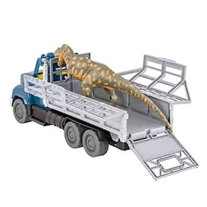O transporte Beep beep Terra da Battat T-Rex está chegando Com a perigosa entrega de um feroz dinossauro de brinquedo. Este conjunto de brinquedos fará com que crianças queimem borracha pela casa com sorrisos jurássicos. Há um semirreboque de brinquedo robusto com 6 rodas, luzes de cabine funcionando e sons realistas de caminhão. Incluída na traseira deste divertido caminhão de brinquedo está uma gaiola para carregar seu brinquedo T-Rex ou qualquer outro brinquedo de animal em miniatura ou bonecos de ação que se atrevam a passear. E a melhor parte é que a gaiola treme e chacoalha enquanto rola pela rodovia imaginária. Você se sentirá como a estrela de um filme de ação dirigindo pela casa. Com esse animal a reboque, brinquedos fingidos ajudam as crianças a desenvolver criatividade, empatia e habilidades sociais enquanto se divertem. Recomendado para pequenos caçadores de dinossauros com 3 anos ou mais.
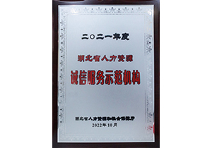 公司先后荣获“全国人力资源服务诚信示范机构”、“湖北省人力资源服务业领军企业”、全省服务业“五个一百工程”重点企业、“湖北省服务业企业100强”、“湖北省人力资源诚信服务示范机构”、“湖北省重合同守信用企业”、“武汉市五星级人力资源服务机构”、“武汉市五星基层党组织”、“中国车谷招才引智优秀企业”等称号。
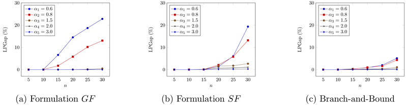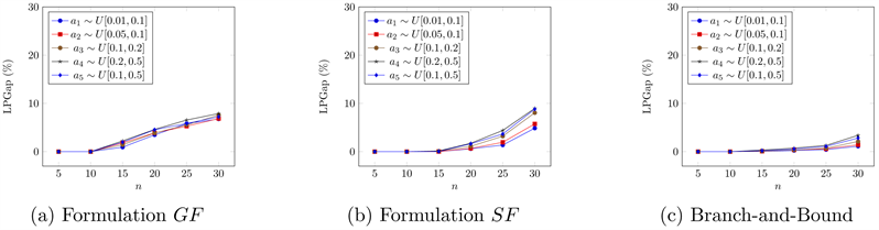 Table 6 presents the average LPGaps of each solving methods in function of the arrival density scale parameter . One can observe an important impact of to the quality of the solution found all three methods, especially the solving of formulation GF. The critical value of is 1.5, the LPGaps deteriorates when .
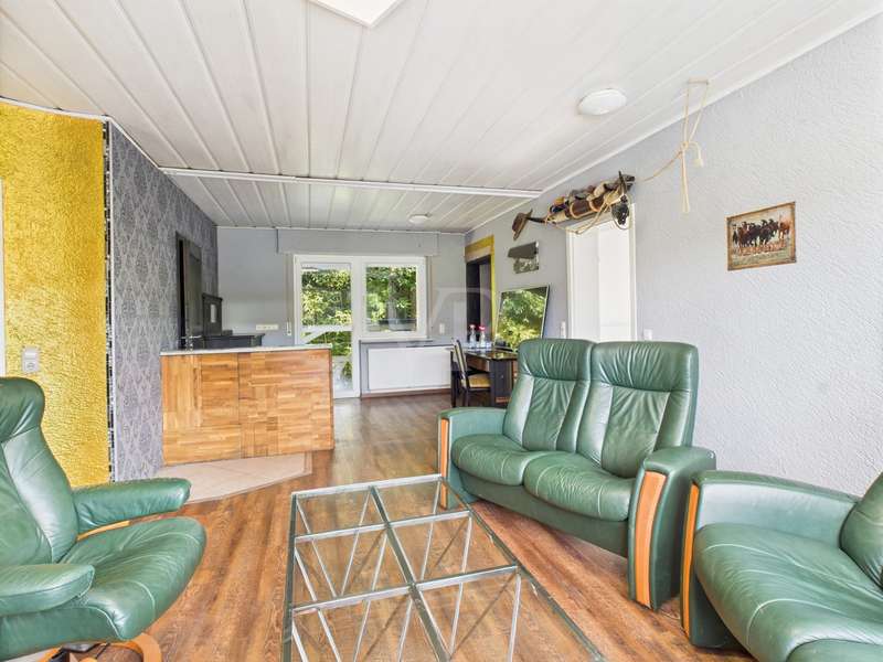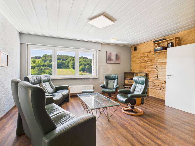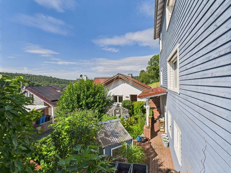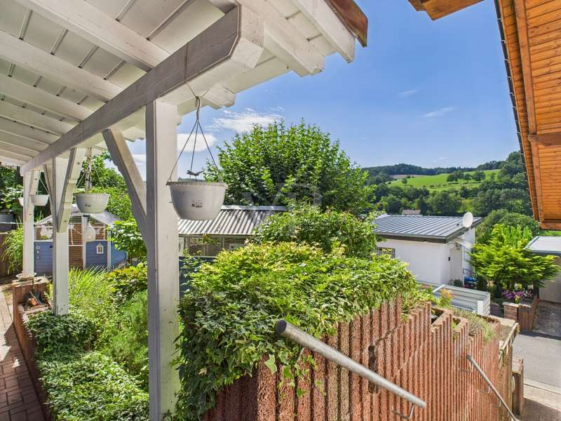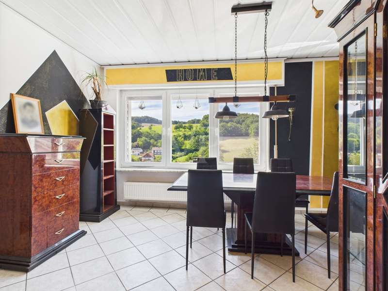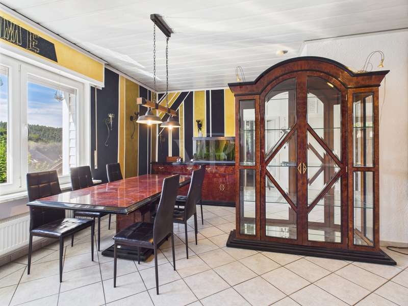 This well-kept detached house in a quiet and natural residential area is modern and friendly. The generously proportioned and light-flooded rooms offer enough space for a young family on a living area of approx. 175 sqm. The property is located in a quiet residential area on the outskirts of the village and offers spectacular views of the natural surroundings. The house has a well thought-out room layout and boasts numerous modernizations that have been carried out over the past two decades. A comprehensive core renovation was carried out around 20 years ago. The electrics, water pipes, roof, room doors, radiators and floor coverings were renewed - an important step for the current condition of the house. Further renovations have also been carried out over the years, such as the replacement of all windows and a new bathroom on the ground floor and second floor. In 2012, high-quality external insulation with rock wool was installed and the façade was re-clad and repainted. The boiler was replaced in 2017. The first floor welcomes you with a bright hallway and offers a modern bathroom with bathtub and separate shower. Another room is suitable as a children's or guest room. The open kitchen is directly adjacent to the spacious living/dining area. A very spacious living room with a fantastic view of the Odenwald awaits you on the upper floor. The master bedroom and another children's room are bright and friendly. The view from each of these windows is breathtaking - here you will find restful sleep and wake up to nature in the morning! A utility room and a modern bathroom with a bathtub complete this level. The outdoor area is very idyllic and lovingly laid out and offers a variety of uses. The three large terraces create ideal conditions for relaxing hours outdoors. One highlight is the pool with modern salt water technology and heat pump, which was installed in 2022 and provides cooling, especially on warm days. The house is heated by central heating. There is a wood gasifier in the basement, whose water-bearing system supplies the entire house with heat via two buffer tanks. There is also the option of replacing the wood boiler with a pellet boiler. There are also connections for fireplaces or pellet stoves on both floors, offering additional flexibility and convenience. Another highlight is the light-flooded studio, which was added in 2009. Excellent space to combine living and working directly. In the lower area of the extension there are 2 spacious garages and a small workshop. The two garages, a carport and 2 outdoor parking spaces are available for your vehicles. Are you interested in finding out more about this promising investment with lots of potential and charm? The von Poll Team Aschaffenburg looks forward to hearing from you!
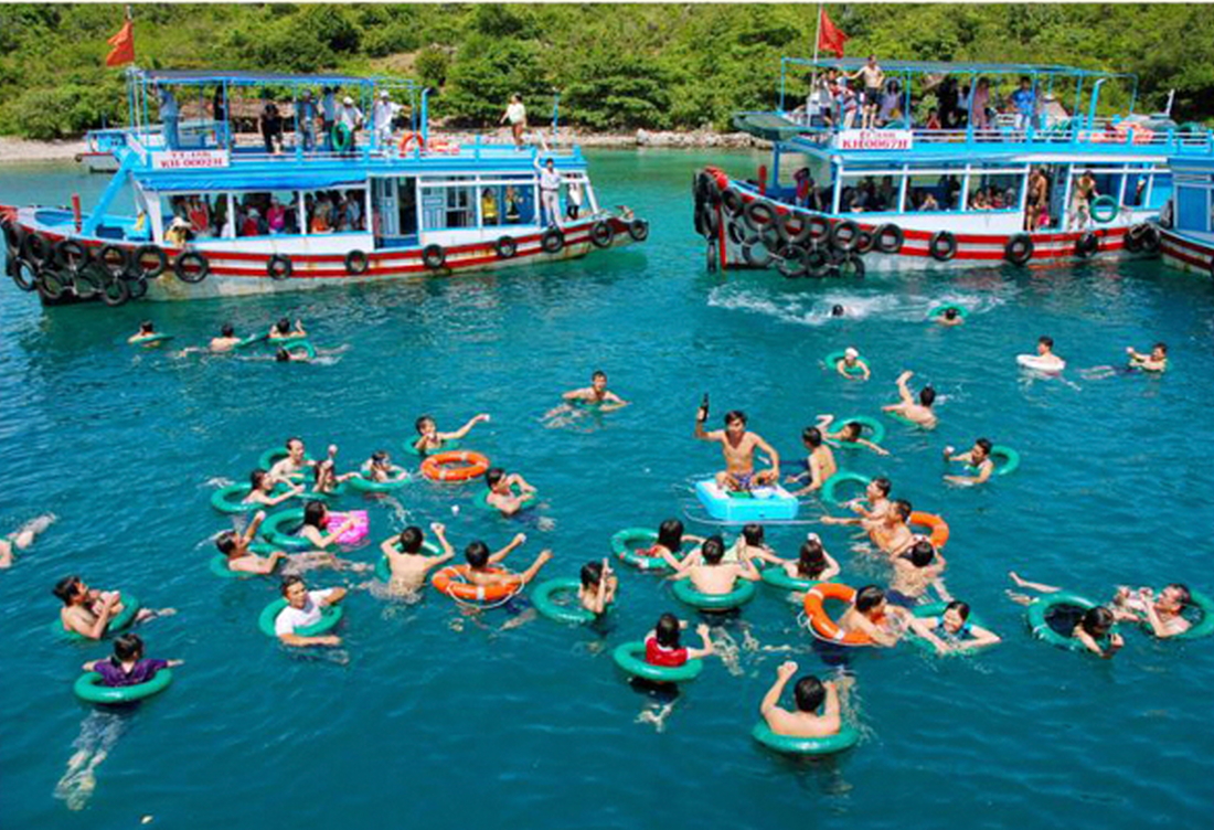 9h45 : Tàu đưa quý khách đến Vịnh San Hô, Hướng Dẫn Viên đưa quý khách về khu vực tập trung nhận chòi & ghế, nghỉ ngơi. Đoàn tự do vui chơi tắm biển, tắm hồ bơi (đã bao gồm vé sử dụng tắm nước ngọt).
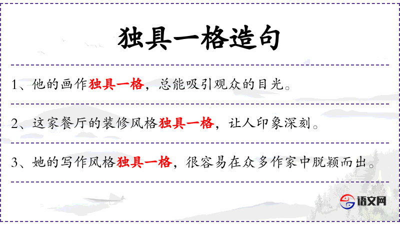 1. 【独具一格】 单独有一种特别的风格、格调。
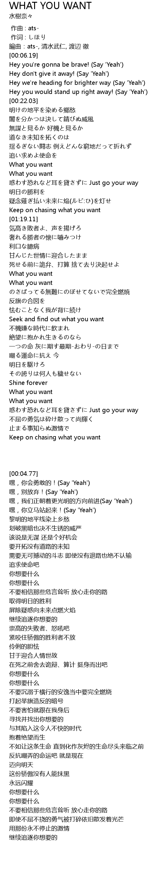 | [00:18.92] | Hey you would stand up right away! Say ' Yeah' |
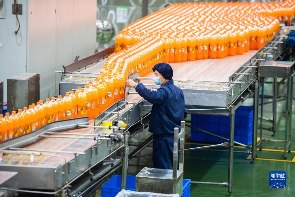 12月13日,在長沙頂津食品有限公司飲品生產車間,工作人員在檢查飲料品質。
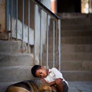 Stray Dog Keeps Lonely Child Company on Quiet Neighborhood Staircase
________
• **The task**
Your copy should hold exactly the lines from the one that contains "1. 【独具一格】 单独有一种特别的风格、格调。" through the final line of the data, both ends included, and no pictures.

• **Written solution**
 1. 【独具一格】 单独有一种特别的风格、格调。
 | [00:18.92] | Hey you would stand up right away! Say ' Yeah' |
 12月13日,在長沙頂津食品有限公司飲品生產車間,工作人員在檢查飲料品質。
 Stray Dog Keeps Lonely Child Company on Quiet Neighborhood Staircase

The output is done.